-- Provided data --
━━━━━━━━━━━━━━━━
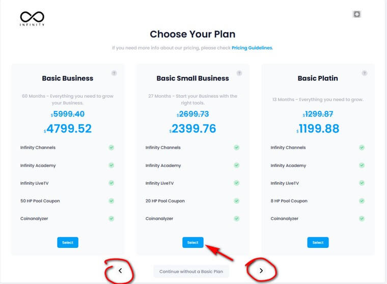 Wähle mit den Pfeilen am unteren Bildschirmrand Dein gewünschtes Paket aus und klicke auf "Select"
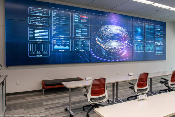En el Laboratorio de visualización de la Universidad de Nuevo México se ha instalado un videowall Planar Clarity Matrix G3 (MX65U), en una configuración de 6×3. Además, la solución incluye una red troncal AV Crestron DM NVX para el transporte de vídeo.
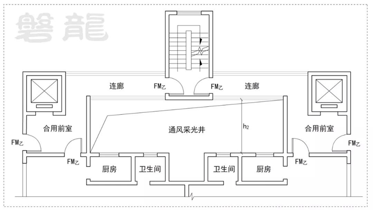 圖1所示的方案,連廊僅作為疏散走道,屬于次危險區(qū)域,規(guī)范對于疏散走道并無明確要求,但亦應(yīng)考慮一定的安全間距,h1≥2m應(yīng)可滿足要求。 二、當(dāng)連廊作為前室或前室連通區(qū)域時,應(yīng)視為相對安全區(qū)域,須考慮合理的安全間距。 圖2的連廊作為前室,圖3的連廊作為前室通往樓梯間的一部分,這兩種圖示的連廊,風(fēng)險等級和前室相當(dāng),應(yīng)視為相對安全區(qū)域,須考慮合理的安全間距,可參照規(guī)范圖示“回字形”建筑平面示例,h2≥6m(有爭議)。
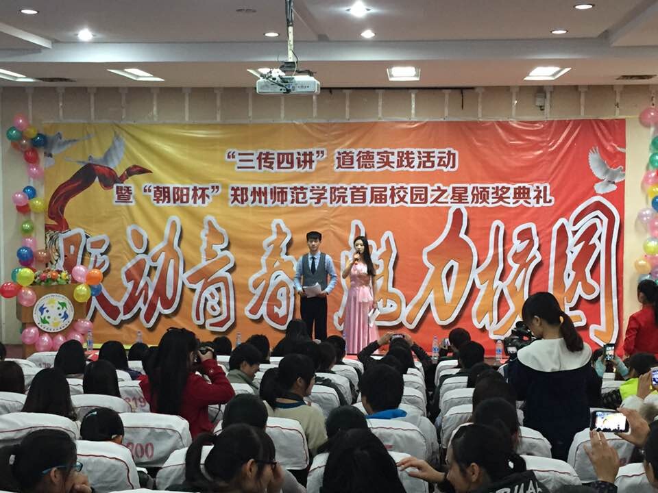 为了表彰先进个人,树立当代大学生的形象与榜样,11月19日下午,由校共青团委员会主办,美术学院团总支、美术学院社团联合会承办的“三传四讲”道德实践活动暨“朝阳杯”郑州师范学院首届校园之星颁奖典礼在西校区一号楼报告厅举行。校团委、校社团、美术学院、文明办以及各学院团总支负责人、各学院学生代表二百余人参加了此次颁奖典礼。 一支活力动感的开场舞为典礼拉开了帷幕。本届校园之星的评选经过了老师和同学们的共同投票,共揭晓了十名校园之星和一个优秀团队,由各院团总支书记为获奖同学颁发了奖杯和证书。接着也公布了本届校园之星的提名奖,并对他们表示鼓励。最后典礼在一曲充满感动与温馨的《相亲相爱》中落下帷幕。 此次校园之星的颁奖典礼,启迪和激励了每一位学生,展现了我校优秀大学生的魅力风采,同时也营造了更加积极向上和催人奋进的校园氛围。 |
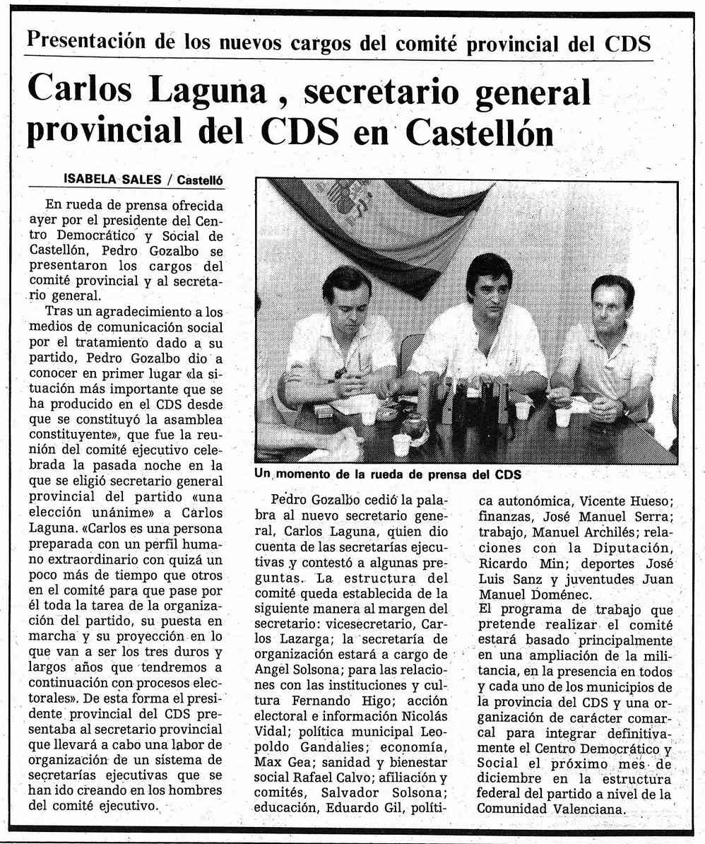 Una rueda de prensa de Pedro Gozalbo, presidente del Centro Democrático y Social (CDS) en Castellón, sirve para presentar a los nuevos cargos del comité provincial del partido. Con el fondo de una bandera nacional, se anuncia el nombramiento del periodista y ex gerente del CD Castellón, Carlos Laguna Asensi (32 años), como nuevo secretario general de la formación dirigida por el expresidente del Gobierno Adolfo Suárez. Después de esta etapa, en la que llegará a ser diputado autonómico, será presidente de COCEMFE Castellón y también en la Comunitat Valenciana, así como presidente -desde 1999, sus diez primeros años- y vicepresidente del Comité Español de Representantes de Personas con Discapacidad (CERMI) a nivel autonómico. En 2019 se incorporará como independiente a la candidatura autonómica por Castellón del PSPV-PSOE -partido en el que ya militó entre 1977 y 1980- y obtendrá un escaño en las Cortes Valencianas que abandonará en 2023, el mismo día en que cumpla 70 años.
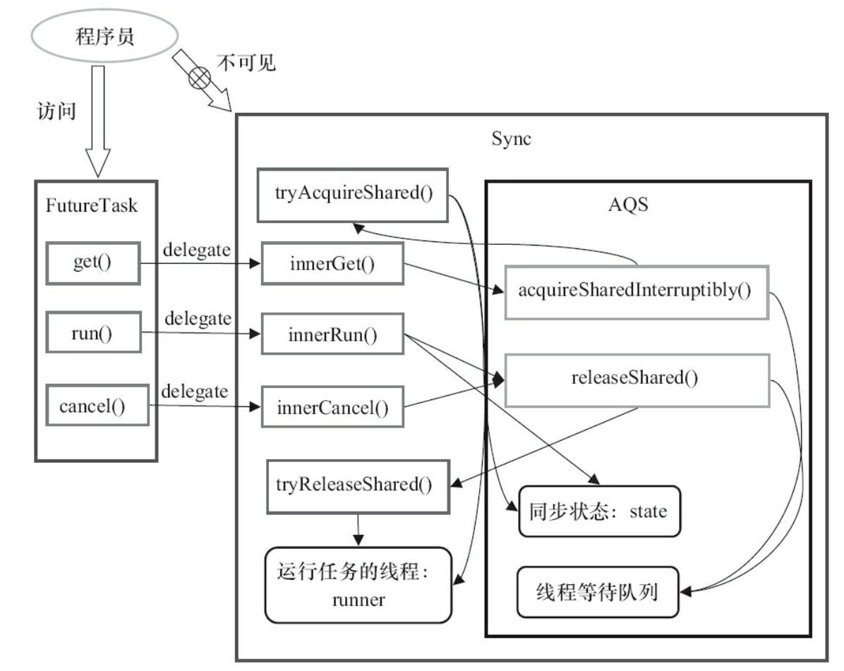 AQS被作为”模板方法模式”的基础类提供给FutureTask的内部子类Sync,这个内部子类只需要实现状态检查和状态更新的方法即可,这些方法将控制FutureTask的获取和释放操作.具体来说,Sync实现了AQS的tryAcquireShared(int)方法和tryReleaseShared(int)方法,Sync通过这两个方法来检查和更新同步状态
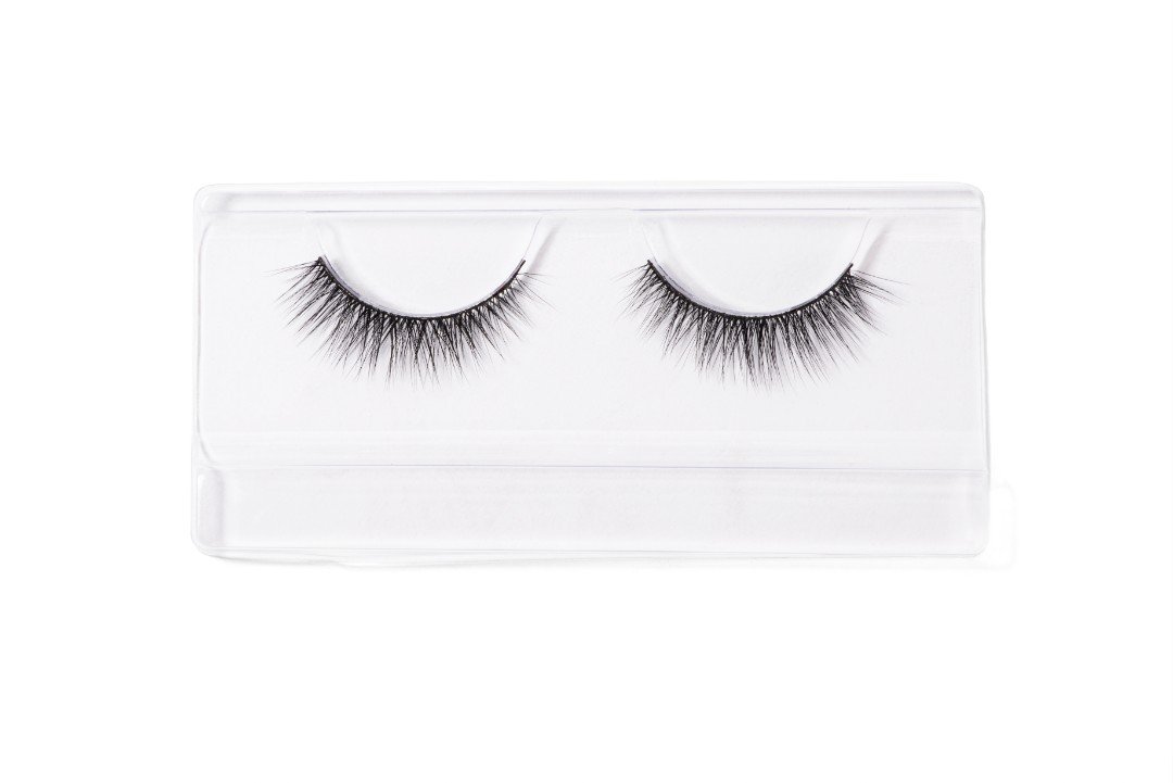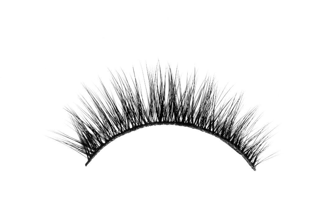 Pestañas postizas con efecto 3D hechas a mano, elaboradas con fibras sintéticas suaves sobre una tira ligera y flexible.
━━━━━━━━━━━━━━━━
Quote exactly the lines from the one that contains "Una rueda de" through the end of the listing above, both ends included, leaving out the pictures.

-- Response area --
 Una rueda de prensa de Pedro Gozalbo, presidente del Centro Democrático y Social (CDS) en Castellón, sirve para presentar a los nuevos cargos del comité provincial del partido. Con el fondo de una bandera nacional, se anuncia el nombramiento del periodista y ex gerente del CD Castellón, Carlos Laguna Asensi (32 años), como nuevo secretario general de la formación dirigida por el expresidente del Gobierno Adolfo Suárez. Después de esta etapa, en la que llegará a ser diputado autonómico, será presidente de COCEMFE Castellón y también en la Comunitat Valenciana, así como presidente -desde 1999, sus diez primeros años- y vicepresidente del Comité Español de Representantes de Personas con Discapacidad (CERMI) a nivel autonómico. En 2019 se incorporará como independiente a la candidatura autonómica por Castellón del PSPV-PSOE -partido en el que ya militó entre 1977 y 1980- y obtendrá un escaño en las Cortes Valencianas que abandonará en 2023, el mismo día en que cumpla 70 años.
 AQS被作为”模板方法模式”的基础类提供给FutureTask的内部子类Sync,这个内部子类只需要实现状态检查和状态更新的方法即可,这些方法将控制FutureTask的获取和释放操作.具体来说,Sync实现了AQS的tryAcquireShared(int)方法和tryReleaseShared(int)方法,Sync通过这两个方法来检查和更新同步状态
 Pestañas postizas con efecto 3D hechas a mano, elaboradas con fibras sintéticas suaves sobre una tira ligera y flexible.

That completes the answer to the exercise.